Когда Барраба вышел, Каноль позвал офицера и попросил, чтобы тот сопровождал его при осмотре крепости.
Офицер тотчас повиновался. У дверей барон встретил весь свой штаб, состоявший из важнейших лиц цитадели. Он пошел с ними, они давали ему все объяснения, и, разговаривая с ними, он осмотрел равелины, казематы, погреба и магазины. В одиннадцать часов утра он воротился домой, осмотрев все. Свита его тотчас разошлась, и Каноль опять остался наедине с тем офицером, который встретил его.
— Теперь, господин комендант, — сказал офицер таинственно, — вам остается увидеть только одну комнату и одну особу.
— Что вы сказали?
— Комната этой особы тут, — сказал офицер, указывая на дверь, которую Каноль еще не приметил.
— А, тут комната?
— Да.
— Тут и та особа?
— Да.
— Очень хорошо, но извините меня, я очень устал, потому что ехал и день и ночь, и сегодня утром голова у меня не очень свежа. Так говорите же пояснее, прошу вас.
— Извольте, господин комендант, — отвечал офицер с лукавой улыбкой, — комната…
— Той особы…
— Которая вас ждет, вот тут. Теперь вы понимаете?
Каноль изумился.
— Понимаю, понимаю, и можно войти?
— Разумеется, ведь вас ждут.
— Так пойдем!
Сердце его сильно забилось, он ничего не видел, чувствовал, как в нем боролись боязнь и желания… Отворив дверь, Каноль увидел за занавеской веселую и прелестную Нанон. Она вскрикнула, как бы желая испугать, и бросилась обнимать его.
У Каноля опустились руки… в глазах потемнело.
— Вы! — прошептал он.
— Да, я! — отвечала Нанон, смеясь еще громче и целуя его еще нежнее.
Воспоминание о его проступках блеснуло в уме Каноля; он тотчас угадал новое благодеяние своей подруги и склонился под гнетом угрызений совести и благодарности.
— Ах, — сказал он, — так это вы спасли меня, когда я губил себя, как сумасшедший. Вы заботились обо мне, вы мой ангел-хранитель.

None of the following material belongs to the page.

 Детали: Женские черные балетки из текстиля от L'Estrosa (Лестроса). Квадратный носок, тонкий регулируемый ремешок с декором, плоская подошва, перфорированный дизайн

— Не называйте меня вашим ангелом, потому что я демон, — отвечала Нанон, — но только демон, являющийся в добрые минуты, признайтесь сами?

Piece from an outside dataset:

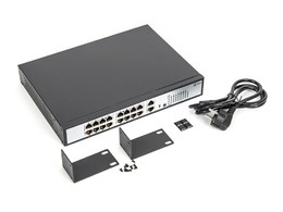 DS-3E1318P-E 16 RJ45 100M PoE с грозозащитой 4кВ, 1-8 порты с высоким приоритетом; 2 RJ45 1000M PoE; 2 1000М SFP порта; таблица MAC адресов на 4000 записей; пропускная сп ...

— Вы правы, добрый друг мой; мне кажется, вы спасли меня от эшафота.
— И я так думаю. Послушайте, барон, каким образом случилось, что принцессы могли обмануть вас, вас, такого дальновидного человека?
Каноль покраснел до ушей, но Нанон решилась не замечать его смущения.
— По правде сказать, я и сам не знаю, сам никак не могу понять.
— О, ведь они очень лукавы! Вы, мужчины, хотите воевать с женщинами? Знаете ли, что мне рассказывали? Будто бы вам показали вместо молодой принцессы какую-то придворную даму, горничную, куклу… что-то такое.
Каноль чувствовал, что мороз подирает его по коже.
— Я думал, что это принцесса, — сказал он, — ведь я не знал ее в лицо.
— А кто же это был?
— Кажется, придворная дама.
— Ах, бедняжка! Но, впрочем, это вина злодея Мазарини. Какого черта? Когда дают человеку такое трудное поручение, так показывают ему портрет. Если б у вас был или если б вы хоть видели портрет принцессы, так вы, верно, узнали бы ее. Но перестанем говорить об этом. Знаете ли, что этот ужасный Мазарини обвинил вас в измене королю и хотел бросить в тюрьму, к жабам?
— Я догадывался.
— Но я сказала: «Сделаем так, чтобы его бросили к Нанон». Скажите, хорошо ли я сделала?
Хотя Каноль был полон воспоминаний о виконтессе, хотя на груди носил ее портрет, он был тронут этой нежной добротой, этим умом, горевшим в самых очаровательных глазах в мире. Он опустил голову и поцеловал беленькую ручку, которую ему подали.
— И вы хотели ждать меня здесь?
— Нет, я ехала в Париж, чтобы везти вас сюда. Я везла вам патент, разлука с вами показалась мне слишком продолжительной. Герцог д’Эпернон тяготел как камень над моей однообразной жизнью. Я узнала про ваше несчастье. Кстати, я забыла сказать: знаете, что вы мой брат?..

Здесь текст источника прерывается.